Two different sources use two different sets of assumptions for the Poisson distribution as a limiting case of the binomial distribution. This video sets $$n\rightarrow\infty, p\rightarrow0, np\rightarrow\lambda$$
And this sets $$n\rightarrow\infty, np=\lambda$$
The derivation remains the same. Is there any difference between the implications of these assumptions, and if so, what is it? If there is no difference, can we derive one from the other?
On
There is the estimate of the total variation norm $$\|Bin(n, p) - Pois(np)\| \leq n\|Ber(p) - Pois(p)\| \leq np^2.$$ This holds for every $n \in \mathbb{N}, p \in [0, 1]$. See section 3.6 of https://services.math.duke.edu/~rtd/PTE/PTE5_011119.pdf. Now if you consider a sequence $p_n$ with $np_n \to \lambda$, then a natural condition for the above norm to go to $0$ is that $p_n \to 0$. But the inequalities behind the estimate let's you formulate a more general condition under which sums of Bernoullis converge to a Poisson.
There is no difference. Assuming $\lambda > 0$, the condition $np = \lambda$ implies that as $n \to \infty$, we must have $p \to 0^+$.

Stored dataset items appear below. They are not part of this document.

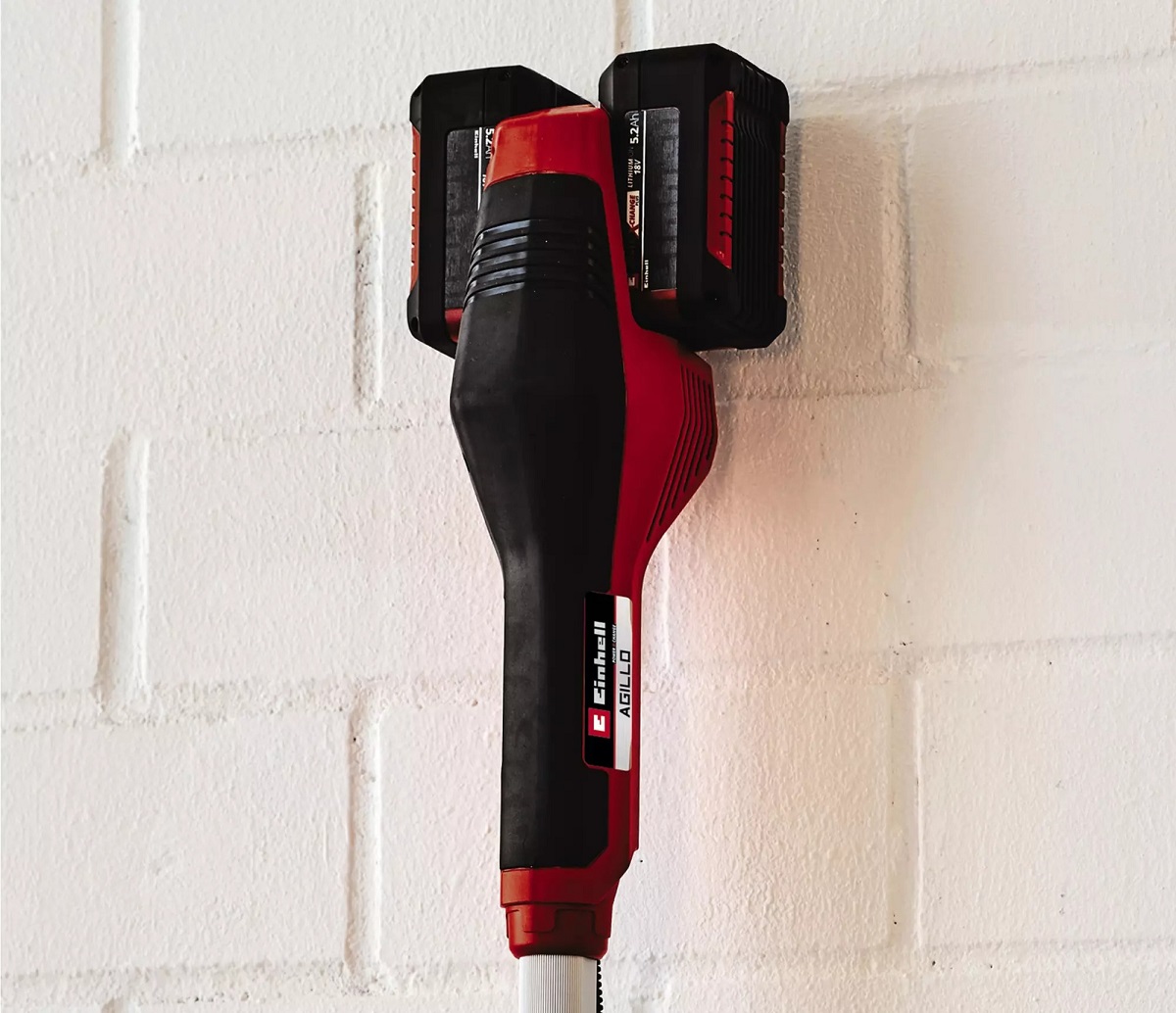 Κινητήρας χωρίς ψήκτρες.Διπλή λαβή τύπου ποδηλάτου.Διαιρούμενος άξονας.Ηλεκτρονική ρύθμιση ταχύτητας.Περιλαμβάνει στήριγμα τοίχου.Σύστημα κλειδώματος άξονα.Συνιστάται μπαταρία ≥2,5 Ah.Με ιμάντα δίσκο και κεφαλή μεσηνέζας.
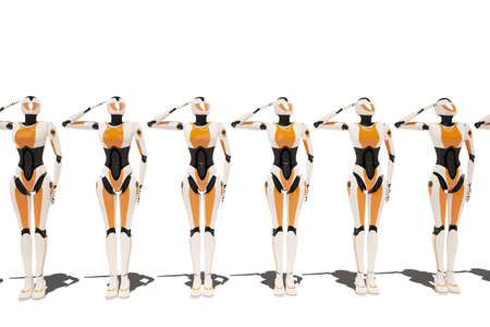 Female cyborg army concept with 3d rendering group of female cyborgs or robots in a row
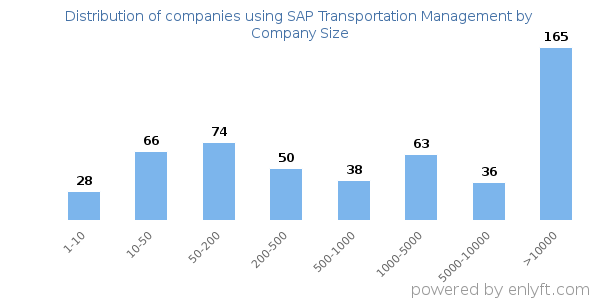 We have data on 540 companies that use SAP Transportation Management. The companies using SAP Transportation Management are most often found in United States and in the Information Technology and Services industry. SAP Transportation Management is most often used by companies with >10000 employees and >1000M dollars in revenue. Our data for SAP Transportation Management usage goes back as far as 7 years and 9 months.

Conversely, we only require $np \to \lambda$ asymptotically, rather than identically, as long as both $n \to \infty$ and $p \to 0^+$. (Some sources omit the $+$ because it is understood that $0 < p < 1$.) In fact, this (first) characterization is slightly more general than the second, but in practice, nothing is lost by assuming $np = \lambda$.